Von Skurrilem berichtet etwa die Korrespondentin aus Mexiko. «Liebe Europäer, manchmal beneide ich euch um eure Quarantäne. Ihr wisst wenigstens, was Sache ist. Bei uns in Mexiko ist das ganz anders», schreibt Sandra Weiss aus Mexiko-Stadt. Der Beitrag des Präsidenten im Kampf gegen das Virus sei, «Amulette in die Kameras zu halten und Kinder zu herzen».

Dominik Straub in Rom hingegen fühlt sich wie ein Versuchskaninchen. «In Italien wurden alle Massnahmen getestet, die später auch im übrigen Europa angewendet werden sollten», schreibt er. Die Einsamkeit sei noch grösser geworden, denn er dürfte als Journalist zwar noch raus, finde aber keine Gesprächspartner mehr.

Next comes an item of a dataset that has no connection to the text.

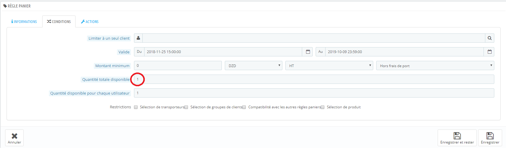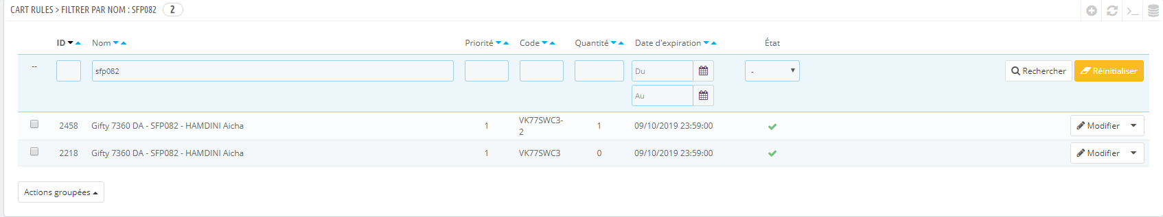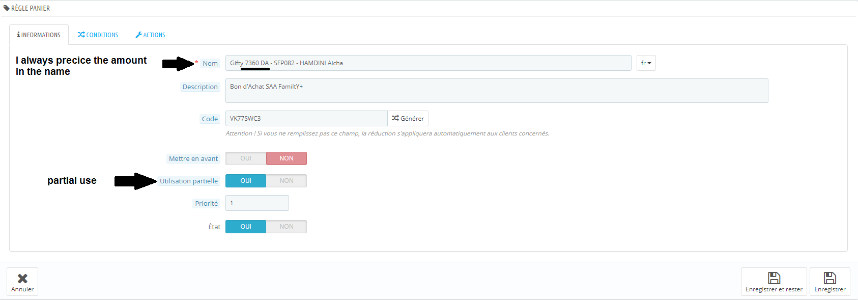 Saraaa Posted March 26, 2019 Share Posted March 26, 2019 Hello, I have prestashop 1.6.1.23. I have created some cart rules for my clients i choosed diffrent amounts and the same options for all the clients see in attached when the clients used the cart rules in their orders, something went wrong sometimes when the cart rule value is smaller than the total product price in the order detail, a second voucher is created containing the difrence between the discount amount and the the total product amount. I have been testing since days, I can't understand how does it fuction. Any help please. Link to comment Share on other sites More sharing options...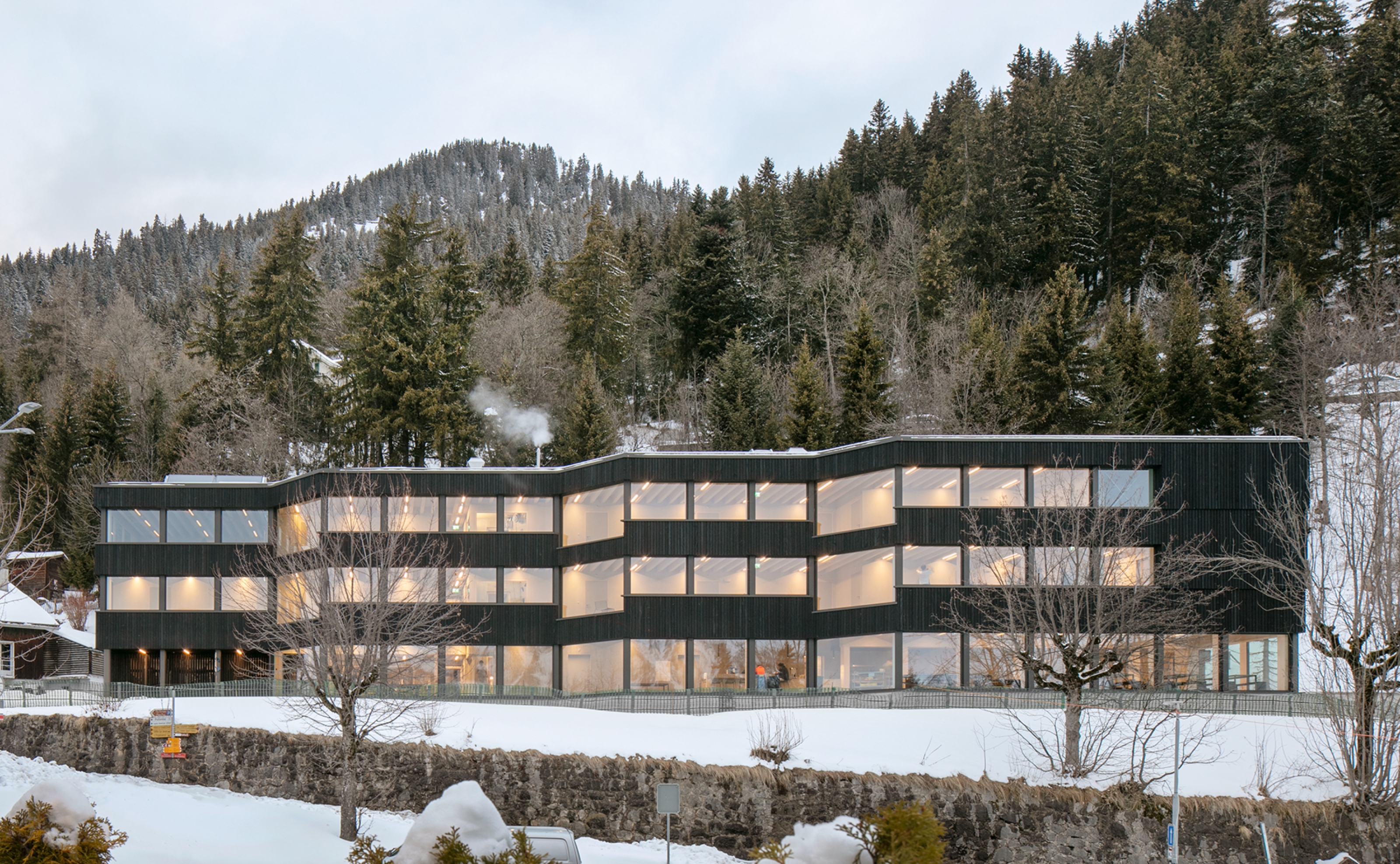 Situé sur les hauts du village de Leysin, dans les Alpes vaudoises, le nouveau centre pédagogique alpin « Les Cabris » zigzague à la lisière d’une forêt de conifères. Il accueille les élèves en camp de ski et les professionnels de l’enseignement pour des formations continues de courte durée dans un cadre singulier.

  • Was die Auslandkorrespondenten sonst noch erleben in diesen schwierigen Zeiten, lesen Sie in der Aargauer ZeitungExterner Link (Paywall).
  • Nicht mehr ganz neu, aber auch SRF NewsExterner Link liess seine Korrespondentinnen und Korrespondenten vor einigen Tagen zu Wort kommen.
  • Zwar auch schon etwas älter, aber interessant: Die Deutsche Presseagentur DPA befragte ihre Auslandkorrespondenten, was Hamsterkäufer in ihren Wohnländern so alles horten, wie 20 MinutenExterner Link berichtete.
Keystone / Gaetan Bally

Diese Meldung würde es in normalen Zeiten vermutlich nicht einmal in die Rubrik «Vermischtes» schaffen. Weil ebenfalls positiv, machen wir heute eine Ausnahme. Es geht um Eier.

Kurz vor Ostern erreicht uns folgende Meldung: «Schweizer Hennen legen erstmals über eine Milliarde Eier.» Das ist kein Aprilscherz. «Das Eierjahr 2019 war in mehrerlei Hinsicht ein Rekordjahr», schreibt heute das Bundesamt für Landwirtschaft (BLW).

Wenn die Hühner das wüssten: An der gesamten Eierproduktion der Schweiz erreichte der Bio-Anteil mit 17,7 % einen neuen Rekord. Und die Schweizerinnen und Schweizer assen 2019 pro Kopf im Durchschnitt 184,4 Eier, also rund ein halbes Ein pro Tag und Person. Das ist aber weniger als in Deutschland (235) und Österreich (240).

Und Hamsterkäufer, aufgepasst! Hier noch eine wichtige statistische Schlussbemerkung: «Grössere Eierschachteln lohnten sich», schreibt das BLW. Ein Schweizer Freilandei in einer 10er-Packung sei mit 56,6 Rappen rund 17% billiger als ein Ei in einer 4er-Schachtel mit 68,5 Rappen pro Ei.